Они были созданы друг для друга. А он взял и все разломал своими руками. И теперь сидит как ни в чем не бывало.
Утром Нонна узнала адрес психушки и поехала по адресу.
И попала в ад.
Палаты были без дверей, все на обозрении. Вонь. Нищета. И серые тени бродят и вскрикивают.
Нонне казалось, что пахнет серой, как в аду.

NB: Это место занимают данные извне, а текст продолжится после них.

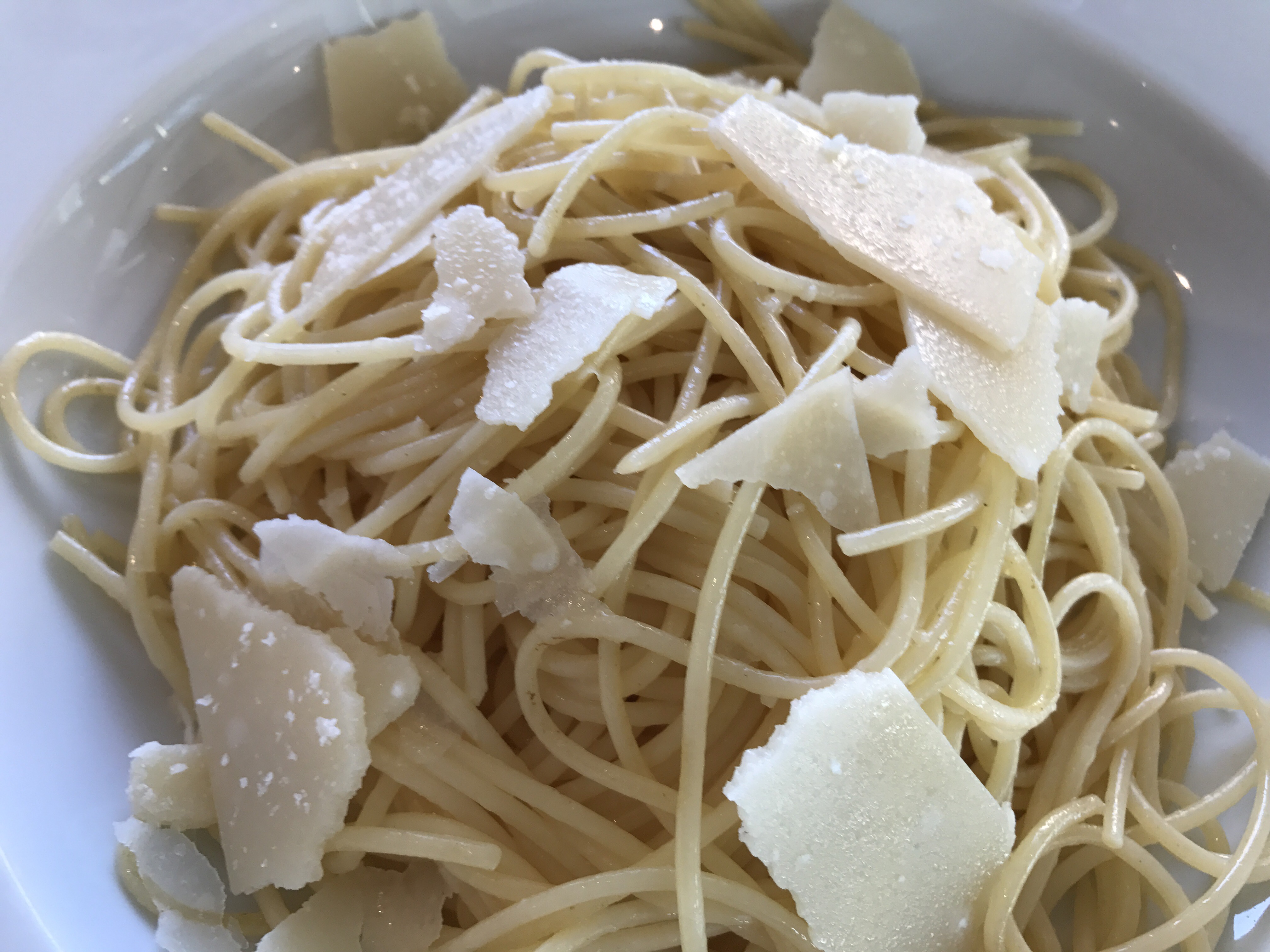 Dinner was simpler. We weren’t really hungry and there was nothing on the menus I was dying to eat so we went back to The Patio where Jerry had salmon and I had the pasta carbonara, hold the carbonara. Really, you can do that.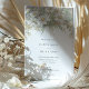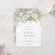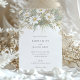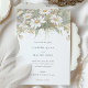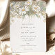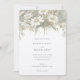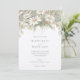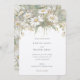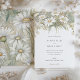 Invite a sus huéspedes a su boda con esta invitación rústica de diseño. La parte delantera de la tarjeta contiene un ilustracion delicado y detallado de margaritas blancas en flor, acentuadas con hojas verdes suaves y centros amarillos cremosos. La tipografía es elegantemente sencilla, complementando perfectamente el diseño de inspiración natural. La parte trasera de la tarjeta continúa el tema con un impresionante patrón de margarita de página completa, añadiendo un toque de belleza intemporal. Esta invitación es ideal para las parejas que planean un boda de temática rústica y natural, que ofrece un ambiente sereno y romántico con su suave paleta de colores blancos, verdes y amarillos.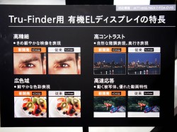 電子ビューファインダーをNEXシリーズとして初めて内蔵し、XGAの有機ELファインダー“XGA OLED Tru-Finder”を本体背面の左上に搭載。視野率は約100%で、視野角は33度。また3.0型のワイド液晶ディスプレイ“TruBlack”も備え、チルトにも対応している。液晶ディスプレイはタッチ操作には対応していない。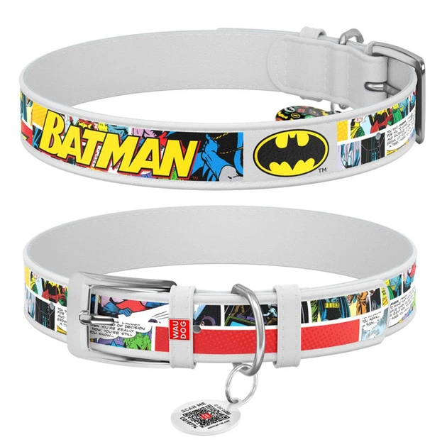 Нашийник для собак шкіряний WAUDOG Design з QR паспортом, малюнок "Бетмен1", Ш 35 мм, Дов 46-59 см, білий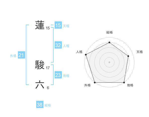 蓮 駿六さんの外格は21画の5点!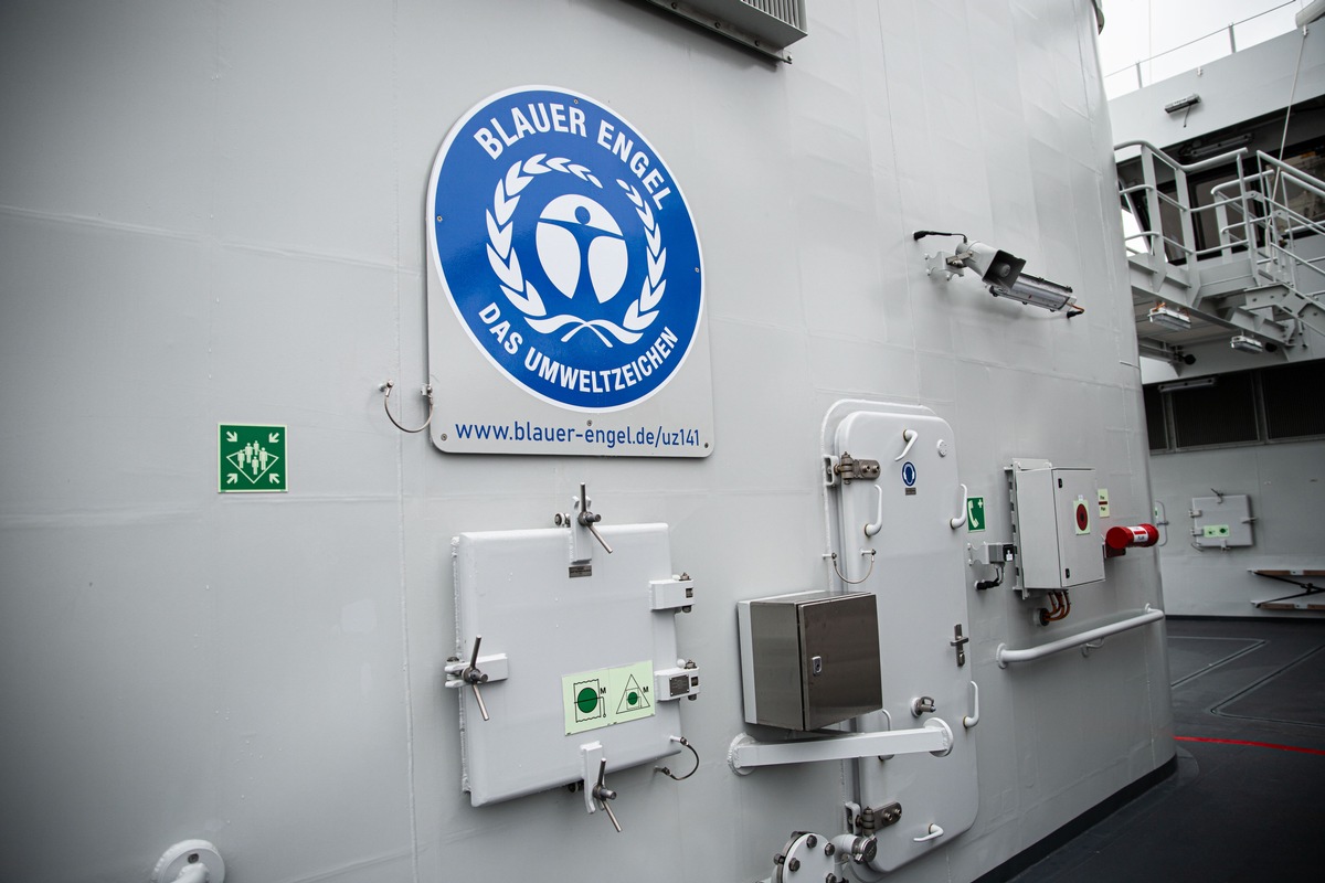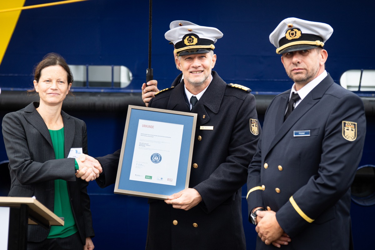 Besonders hervorzuheben ist, dass das neue Zollschiff mit dem Umweltzeichen "Blauer Engel" ausgezeichnet wurde. Diese Auszeichnung, die weltweit bislang nur sehr wenigen Schiffen verliehen wurde, unterstreicht das Engagement des Zolls für nachhaltige und umweltfreundliche Technologien. Auch die in diesem Jahr bereits in Dienst gestellten LNG-Zollschiffe "Rügen" und "Emden" tragen dieses Umweltzeichen.
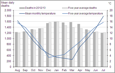 Figur 3 viser antall som døde daglig i England og Wales for hver måned i året 20012/13 ved de sorte søylene. De grå søylene viser gjennomsnittlig årsvariasjon basert på de siste fem årene. Antall som dør daglig varierer mellom 1.200 og 1.600. Det går tydelig frem at det dør betraktelig flere i månedene november, desember, januar, februar, mars og april enn det gjør ellers i året.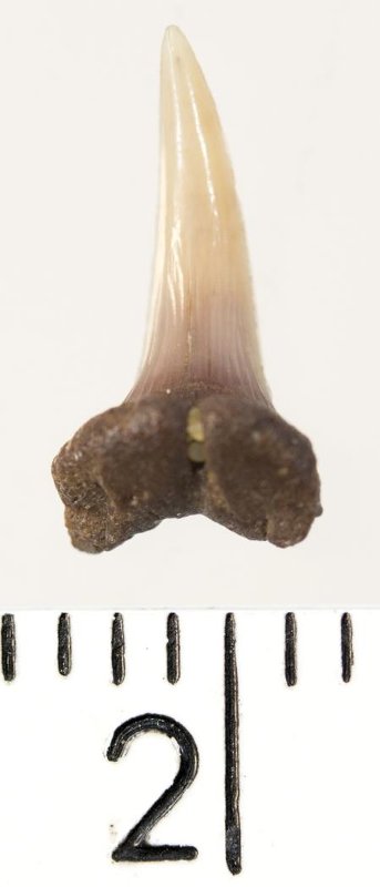 Мелкий боковой зуб с коронкой рыжевато-бежевого цвета, колюще-режущего типа, S-образно изогнутой, с гладким режущим краем. С лингвальной стороны у основания коронки на эмали имеется скульптура в виде слабой продольной струйчатости. Корень бурый, арочный, умеренно массивный, со следами окатанности. Имеется одна питательная борозда с лингвальной стороны корня. Добавочные зубцы коронки зуба отсутствуют.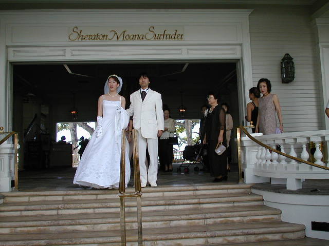 昼過ぎ、式服にきがえて1階ロビーで参列する親族たちと待機するうち、ウエディングドレスの眩しいような新婦の亜紀さんと白スーツの昭彦が現れ、ゆっくり撮影する間もなく待機していた長い白色のリムジンタクシーに同乗して式場のチャーチへ出発する。ホテルの古風で大きな玄関や植え込みによく似合う映画のようなシーンであった。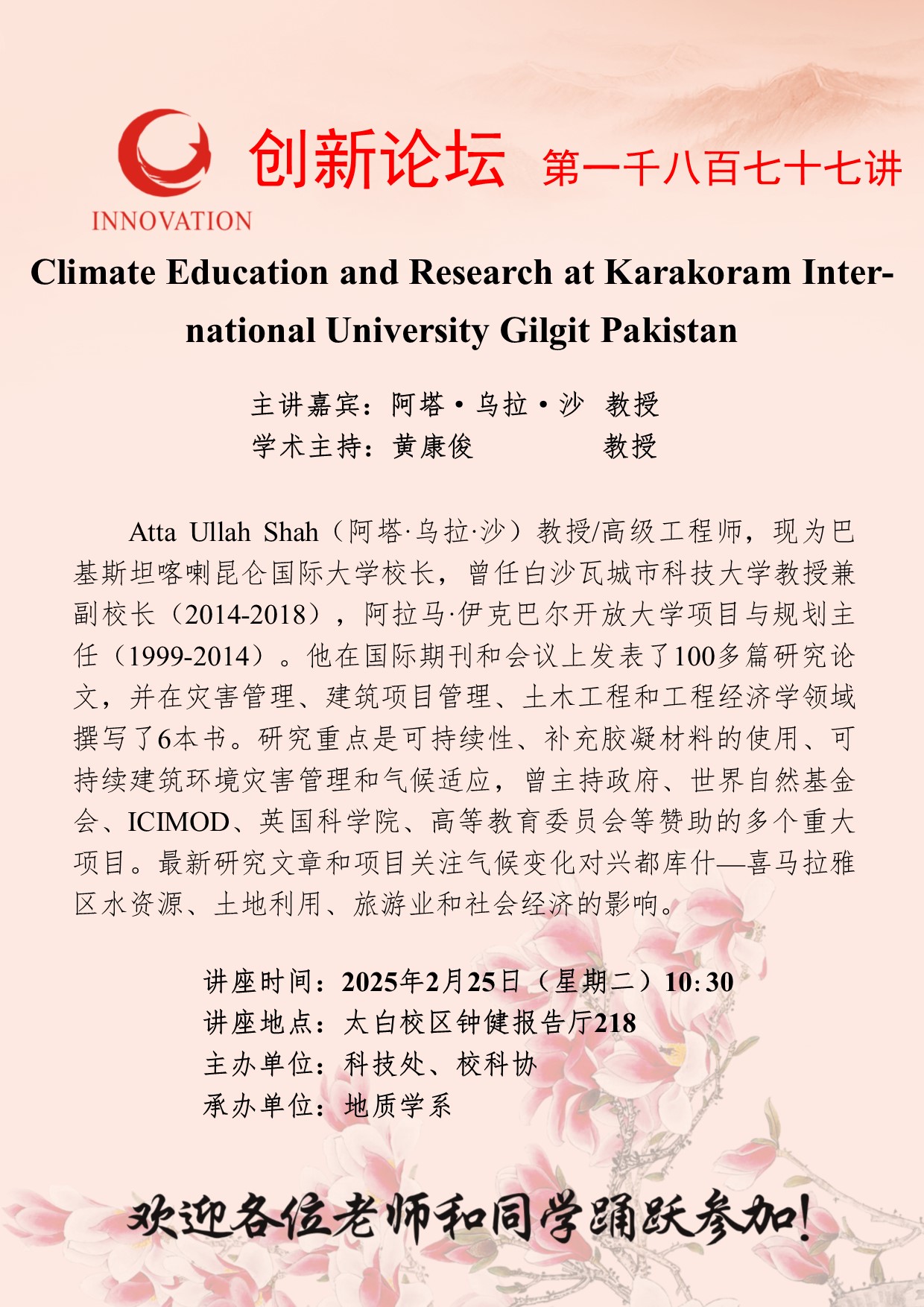 阿塔·乌拉·沙 教授 星空app官网创新论坛第一千八百七十七讲:Climate Education and Research at Karakoram International University Gilgit Pakistan 讲座时间 2025年2月25日(星期二)10:30 讲座地点 太白校区钟健报告厅218 讲座人介绍 阿塔·乌拉·沙 教授 讲座内容

И вдруг сквозь это адское пространство Нонна увидела лицо своей мамы, худое, как у овечки.
Тетя Тося лежала тихонькая, смиренная, испуганная, как ребенок. И не моргала.
Это лицо вошло иглой в сердце Нонны. Она поняла, что не оставит здесь свою мать ни при каких обстоятельствах. Она заберет ее сию же секунду. А если не отдадут – выкрадет.
Состоялся разговор с лечащим врачом. Выяснилось, что забрать больного из психушки очень трудно. Практически невозможно. Надо подключать дополнительные силы.
Врач был похож на красивого орла. И имя клокочущее: Глеб.
Он объяснял Нонне, что грань между нормой и болезнью очень зыбкая. Нижняя грань нормы почти смыкается с началом «не нормы».
Тетю Тосю можно было признать и здоровой, и психопаткой.
Нонна слушала и понимала: от Глеба зависит – в какую сторону он развернет диагноз.
В заключение Глеб сказал, что хорошо бы иметь ходатайство, бумагу на бланке, подписанную авторитетными лицами.
Глеб страховал себя на всякий случай.
Нонна достала такую бумагу у себя в театре. В ней было сказано, что Нонна – штатная артистка театра и подает большие надежды. Про тетю Тосю ни слова, но дальнейшее подразумевалось само собой. У тех, кто подает большие надежды, родственники должны быть в полном порядке, а не валяться по психушкам.
Нонна позвонила в больницу.
Глеб был любезен. Его голос плыл. Нонна поняла, что одним ходатайством не обойтись, придется приплачивать натурой. Цель оправдывала средство. Ради матери она была готова на все. Да и чем дорожить? Это раньше ее тело было – сокровище, клад, хранилище любви и верности. А сейчас… Какой смысл хранить верность, которая не нужна.
Глеб назначил свидание у себя дома. Нонна приехала.
Все произошло спокойно, по-деловому.
Глеб оказался сорокалетний, смуглый, чистый, совершенно не вонючий, с очень красивым смуглым членом. Просто произведение искусства. Хоть бери и рисуй.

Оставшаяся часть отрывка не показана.